坂本龍馬さんが命を懸けて西郷吉之助と交渉し、桂小五郎さんが裏で必死に繋ぎ止めようとしていた『薩長同盟』の可能性――。しかし、現実の戦場では、大久保俊光の冷徹な筋書き通り、薩摩藩の精鋭軍が長州の息の根を止めるべく、圧倒的な火力をもってその側面に襲いかかっていた。龍馬さんの奮闘も、現時点ではこの強固な現実の壁を突き崩すには至っていなかったのだ。
「構うな! 薩摩が何だ、会津が何だ! 我らは正義のために死ぬのだ! 前へ、前へ進め!」
久坂さんは、自らの肩に銃弾を受けながらも、その歩みを止めなかった。彼の周囲で、かつて松陰先生の元で共に未来を語り合った優秀な若者たちが、一発の弾丸、一太刀の元に、ただの肉塊へと変わり果てていく。身を切り裂かれるような悲劇の連続。それでも久坂さんは、己の信念を達成しようと、狂ったように暴れ回っていた。彼の流す血と涙は、燃え盛る京の街の炎に照らされ、怪しく煌めいていた。
御所の喧騒からわずかに外れた、公家邸の崩れかけた庭園。
蛤御門の激戦の音が、まるで遠い世界の出来事のように響くその場所に、私はついに辿り着いた。
「はぁ、……っ、はぁ、……。」
脇腹の傷からは、もはや包帯では受け止めきれないほどの血が流れ落ち、視界は何度も暗転しかけていた。まともに立っていることすら奇跡に近い。都合のいい結末などどこにもない。肉体は完全に限界を迎えていた。

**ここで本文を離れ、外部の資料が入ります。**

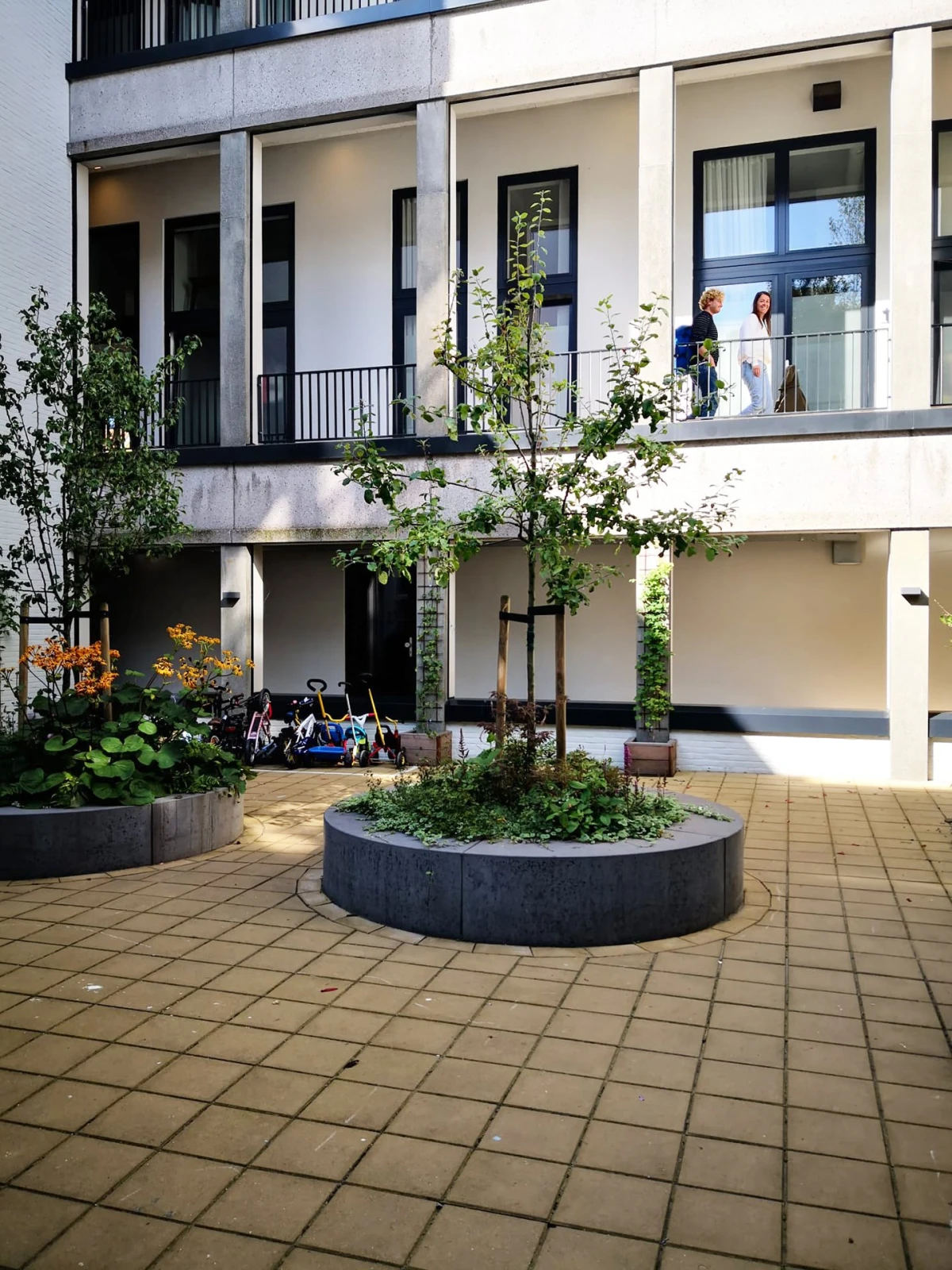OPEN herontwikkelde de monumentale trappenhuizen, grote klaslokalen en ateliers tot 26 uiteenlopende appartementen (van krap 50 tot ruim 200 m2) en een inpandige parkeergarage. Bijzonder is dat de nieuwe bewoners inspraak kregen in aanpak en invulling. De hoge ruimtes met grote ramen waren voor hen het ideale canvas om casco hun woonwensen te realiseren. Met de beschikbare vrije hoogte kregen de meeste appartementen een entresol. De nieuwe bewoners waren vooral gezinnen, met collectiviteit als wezenlijke waarde. Gezamenlijke voorzieningen zijn de binnenplaats met siergroen, een multifunctionele ruimte en een gerieflijk logiesverblijf. De Vereniging van Eigenaren bezit en beheert de duurzame installatie voor warmte- en koude- opwekking.

庭園の中央、燃え盛る邸宅の炎を背に、一人の男が静かに佇んでいた。
漆黒の装束。長い髪の隙間から覗く、完全に光の絶えた硝子玉のような両眸。手にした一対の刀からは、先ほど仕留めたであろう長州の志士たちの血が、泥の上へと静かに滴り落ちている。
「……お兄ちゃん…。」
私の声に、その人形はゆっくりと顔を上げた。
そこに妹を愛し、優しく笑ってくれたかつての兄の面影は、やはり微塵も存在しなかった。彼はただ、目の前に現れた「排除すべき対象」として、私の満身創痍の肉体をその冷徹な瞳に映し出し、一対の氷の刃を静かに、けれど完璧な構えで突き出してきた。